Several end-users across China confirmed the possible customs clearance of their cargos at the ports, according to a Chinese trader.

Sources surveyed at Jingtang — one of China’s major coking coal ports — said that the situation was improving but the details were still unclear.

“There are still more than 1 million mt of coking coal waiting for clearance at Jingtang port, and we are still waiting for notifications from customs,” a trader based in North China said.

Coking coal market impact

Market participants had mixed views on the impact of port clearance, with some saying it would hurt prices as more tonnage would be released, while other adopting a wait-and-watch approach amid the tight domestic supply.

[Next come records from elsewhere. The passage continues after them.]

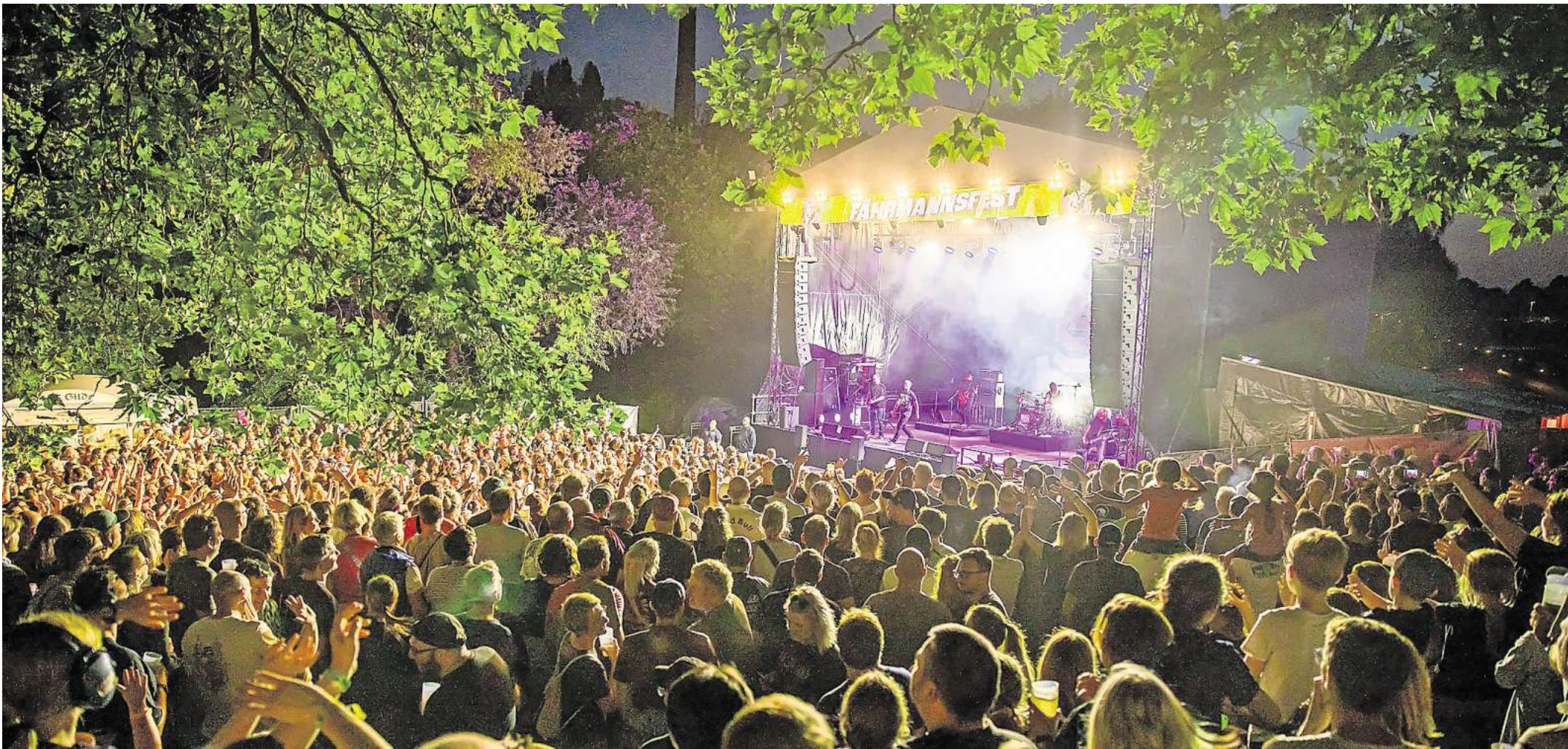
Von Grunge bis Punkrock: Auch 2025 bietet das Fährmannsfest für jeden etwas.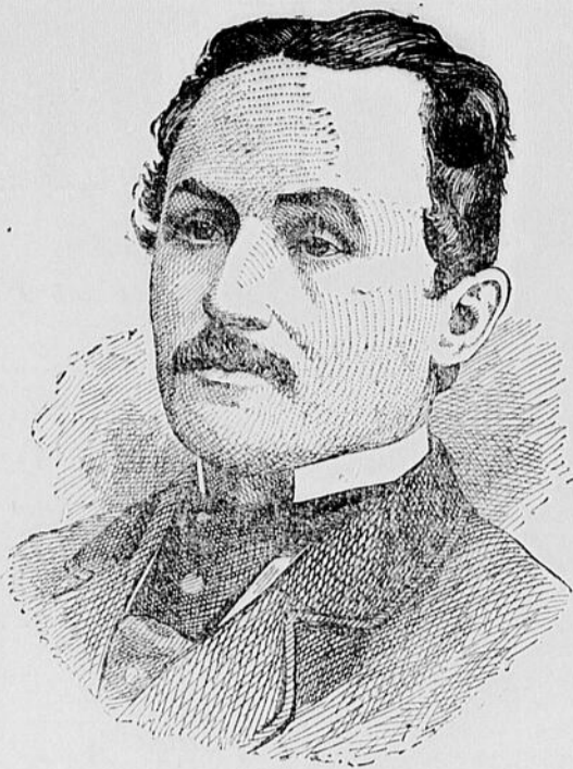
Le Maire de Québec.

Les étrangers ont commencé à montrer leurs binettes hier, et se coudoient un peu partout dans les couloirs du Windsor, du St-Louis Hall et du Richelieu. Il n'y en a pas autant qu'on veut bien le dire dans les journaux, mais ils forment tout de même un contingent assez respectable de la population, pour la huitaine, surtout si l'on considère la rigueur de la température dans le moment. S'il n'y a pas de cinq à six pieds de neige dans les principales rues, comme à Québec, dit la Minerve ,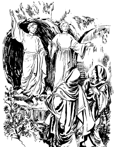
angelnao na'iki zunnao baaranai ia'o (24:4)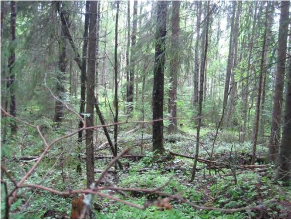
Kuva 22. Hamperinjoen itäpuolista metsää, kuusta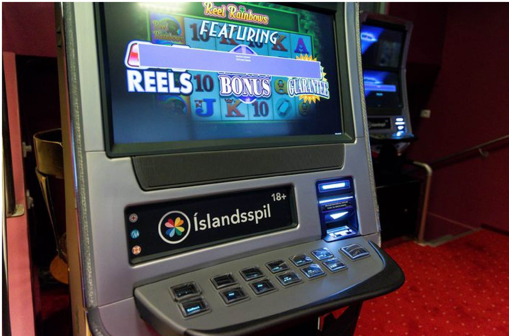
Íslandsspil og Hapdrætti Háskóla Íslands reka hundruð spilakassa. Viðmælendur Kompáss segja líf spilafíkla jafn mikils virði og þeirra sem njóta arðsemi kassanna, en gróðinn er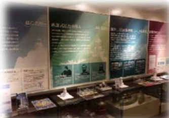
灯台の歴史等に関する資料館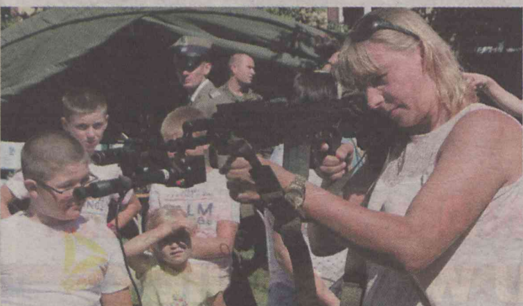
Każdy będzie mógł poczuć się jak żołnierz

Wejście do koszar będzie się odbywało główną bramą od ulicy Wileńskiej 14 (wymagane jest posiadanie dokumentu potwierdzającego tożsamość) od godziny 9.30 do 11.30. W samo południe zostanie odprawiona uroczysta Msza Św. w kościele NMP Matki Miłosierdzia. Po mszy, ok. godz. 13, nastąpi złożenie wiązanek pod Pomnikiem Kombatantów. (ror)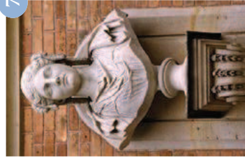
Dame romaine Vdse 157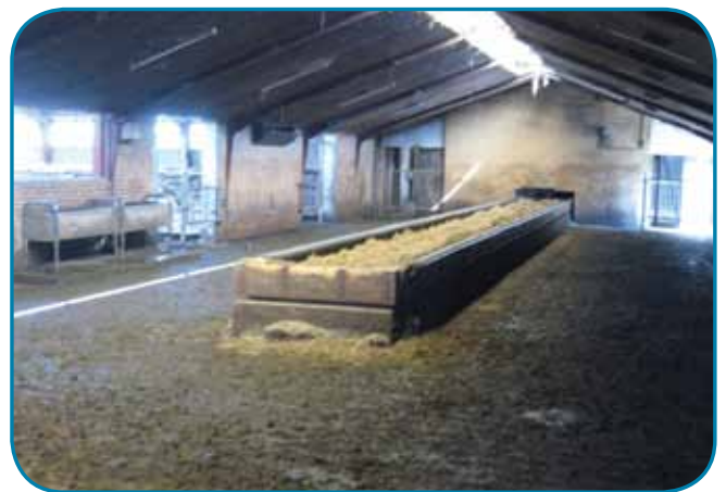
אבוס פנימי ברפת בדנמרק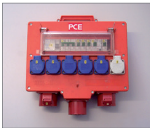
Pos.-Nr. 03-260 Mietverteiler 15-20 kW (inkl. Transport) 6 Schukosteckdosen 1 CEE 16 A Steckdose, 400 V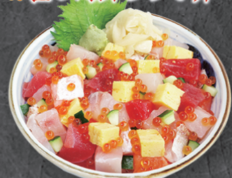
テイク丼ぶり 2,180円 海鮮ネタを刻んで軽くタレに絡めた逸品。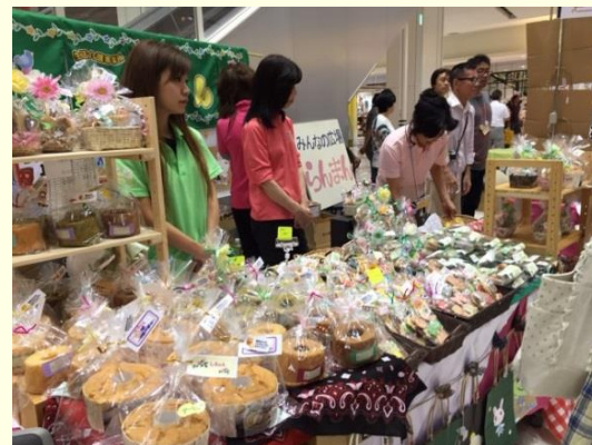
働く障害者応援フェア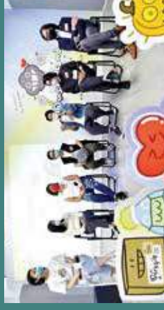
出席座談會分享創作經驗。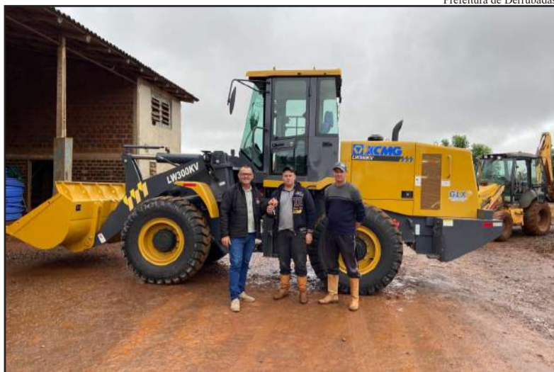
Prefeitura de Derrubadas

Habitzreiter destacou a importância da nova aquisição, afirmando que a pá carregadeira será fundamental para agilizar os serviços realizados pela Secretaria de Obras. A máquina será utilizada em diversas tarefas, como carregamento de materiais, areia, brita, terra e entu-

“There are some 6 million mt of coals waiting to enter the market that could help ease the supply tightness”, an international trader said, adding that new bookings may be a viable next step, given the market expectation for higher Australian met coal supply from late-fourth quarter onward.

Australia was a major supplier of seaborne met coal to China before the unofficial import restriction, accounting for an average of 46% of the total Chinese imports between 2015-2020. The overall Chinese import volume declined 40% to 35 million mt in the first nine months of 2021, and comprised of inflows mainly from the US, Russia, Canada, and other origins, based on the official data.

“It is a positive move that feels like light at the end of the tunnel to the Chinese steelmakers, especially in light of such a tight domestic market at the moment,” an end-user in North China said.

Platts assessed PLV CFR China at $615/mt CFR China Oct. 27, up 203% between January and end-October.